La ricerca empirica qualitativa e l'indagine sul campo non
sono pratiche diffuse e sono senza altro poco sviluppate,
finanche nelle diverse esperienze locali di osservatori su
differenti problematiche sociali dove la raccolta o l'organizzazione
di dati quantitativi forniscono una manifestazione del fare
e dell'agire rispetto a queste stesse problematiche.

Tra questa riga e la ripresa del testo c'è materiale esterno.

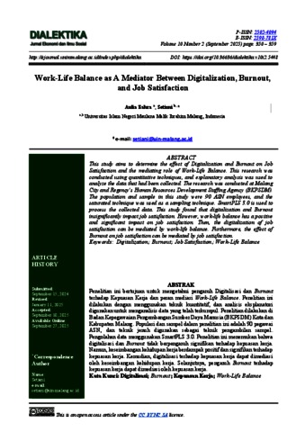 This study aims to determine the effect of Digitalization and Burnout on Job Satisfaction and the mediating role of Work-Life Balance. This research was conducted using quantitative techniques, and explanatory analysis was used to analyze the data that had been collected. The research was conducted at Malang City and Regency's Human Resources Development Staffing Agency (BKPSDM). The population and sample in this study were 90 ASN employees, and the saturated technique was used as a sampling technique. SmartPLS 3.0 is used to process the collected data. This study found that digitalization and Burnout insignificantly impact job satisfaction. However, work-life balance has a positive and significant impact on job satisfaction. Then, the digitalization of job satisfaction can be mediated by work-life balance. Furthermore, the effect of Burnout on job satisfaction can be mediated by job satisfaction.
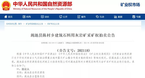 日前,《澠池縣陳村鄉建筑石料用灰巖采礦權拍賣公告》發布,河南省三門峽市澠池縣自然資源局擬對澠池縣陳村鄉建筑石料用灰巖礦采礦權依法進行拍賣。
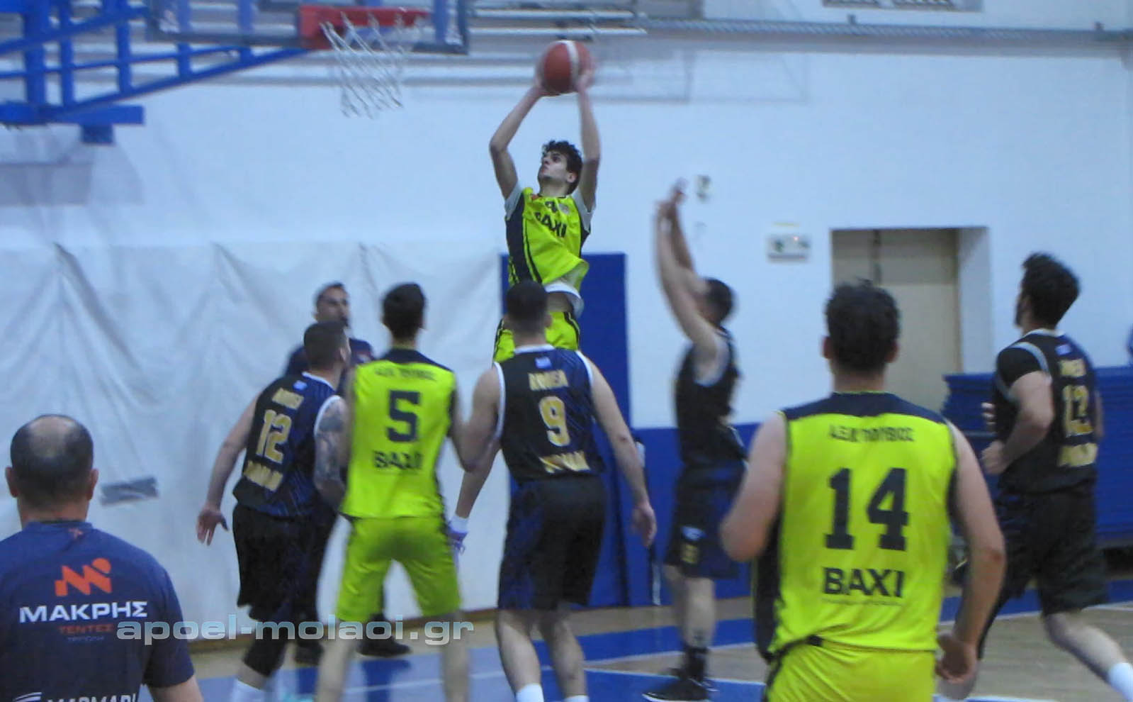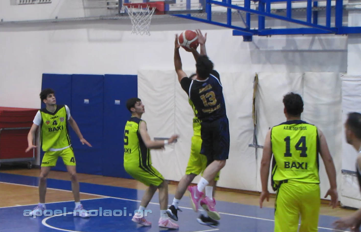 O ΑΠΟΕΛ Μολάων συνεχίζει ακάθεκτος την εντυπωσιακή του πορεία, συνδυάζοντας ουσία και θέαμα. Η εντός έδρας, ευρεία νίκη επί του Πολύβιου με 83-53, εκτός από ένα ακόμα «ροζ φύλλο» που διατήρησε τον ΑΠΟΕΛ μόνο δεύτερο στη βαθμολογία, ήταν η επιβεβαίωση της αγωνιστικής ανωτερότητας μιας ομάδας που δείχνει να βρίσκεται στο απόγειο της απόδοσής της. Με πλουραλισμό στην επίθεση, σωστή κατανομή του χρόνου συμμετοχής και σταθερότητα σε άμυνα και ρυθμό, το σύνολο του Κατσούλη έφτασε τις 14 νίκες. Η επίδοση αυτή αποτελεί ρεκόρ στην ιστορία του συλλόγου σε όλα τα πρωταθλήματα της ΕΚΑΣΚΕΝΟΠ, αλλά και της ΤΕ ΕΟΚ Λοιπής Πελοποννήσου. Πρώτοι σκόρερ για τους Μολαΐτες ήταν οι Ευ. Φραγκιάς (17 π.), Κυρ. Μπατσάκης (15 π.) και Σωκρ. Νικολακάκος (15 π.).
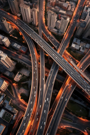 Captivating aerial view of a busy highway interchange at sunset, showcasing vehicles moving through dramatic urban landscape, capturing the essence of modern transport infrastructure.
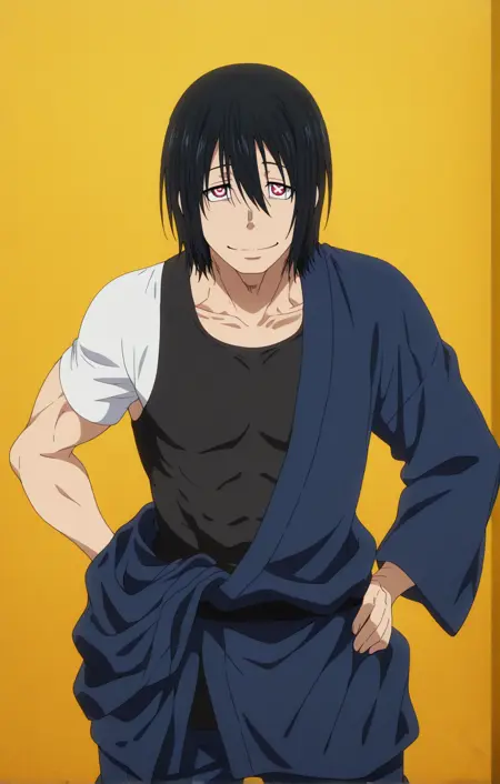 japanese clothes, layered clothes, shirt under shirt, white t-shirt, black tank top, shirt under kimono, asymmetrical clothes, long sleeve, blue pants, blue kimono, black boots,
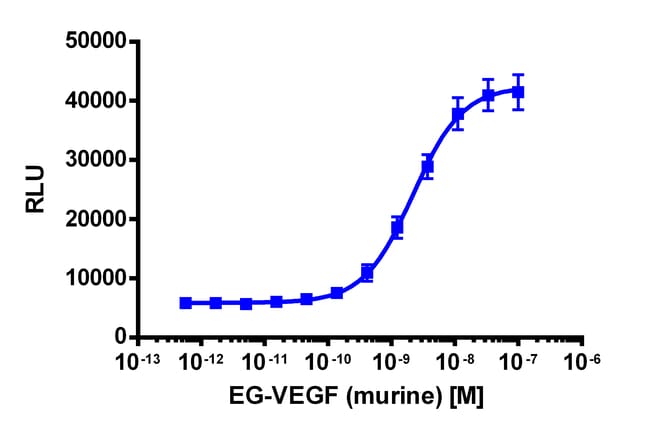 The PathHunter rPROKR2 eXpress kit provides an easy-to-use cell based assay to study drug candidates (small molecules or biologics) targeting GPCRs. This kit assesses ligand (e.g. prokineticin) based activation of rPROKR2 GPCR activity via detection of β-arrestin recruitment. The included cell line overexpresses ProLink-tagged rPROKR2 and EA-tagged β-Arrestin-2. Activation of rPROKR2 stimulates the recruitment of β-Arrestin-2 and produces EFC signal. eXpress kits are a convenient, ready-to-use format which contains all materials needed to run the assay, including single-use vials of cryopreserved cells, cell plating media, detection reagent, and assay plates. Please note that this product expresses the Rat version of this protein. For detailed product information, User Manual and Datasheet, visit www.discoverx.com/express.

I servizi sociali devono essere considerati in modo particolare
come collegati ad una rete di relazioni e di legami sociali,
non si tratta dunque di identificare il servizio sociale come
il tramite di una prestazione ma al contrario di puntualizzare
il flusso di relazioni e di interazioni che caratterizza questi
stessi servizi [22].
Questo aspetto relazionale presente nel confronto con gli
individui, quindi con i processi comunicativi e intersoggettivi,
induce a concepire il servizio sociale come flusso di relazioni
e interazioni generate dai soggetti piuttosto che ridurre
il servizio ad una semplice relazione dove l'utente sollecita
l'operatore professionale.
La differenza sostanziale tra servizi sociali tradizionali
e organizzazione di comunità, risiede proprio in questa opposizione
dei modelli più estremi di riferimento rispetto alla persona
intesa come utente passivo o attivo: nei servizi sociali tradizionali
la persona dipende dal servizio e gli operatori hanno un ruolo
centrale rispetto all'utente che invece assume un ruolo passivo;
nei modelli di organizzazione comunitaria il potere degli
operatori viene meno, le informazioni sono condivise e sono
valorizzate le competenze degli utenti che hanno un ruolo
più autonomo e indipendente in quanto membri attivi e consapevoli
della comunità [23].
L'approccio incentrato sulle soluzioni [24]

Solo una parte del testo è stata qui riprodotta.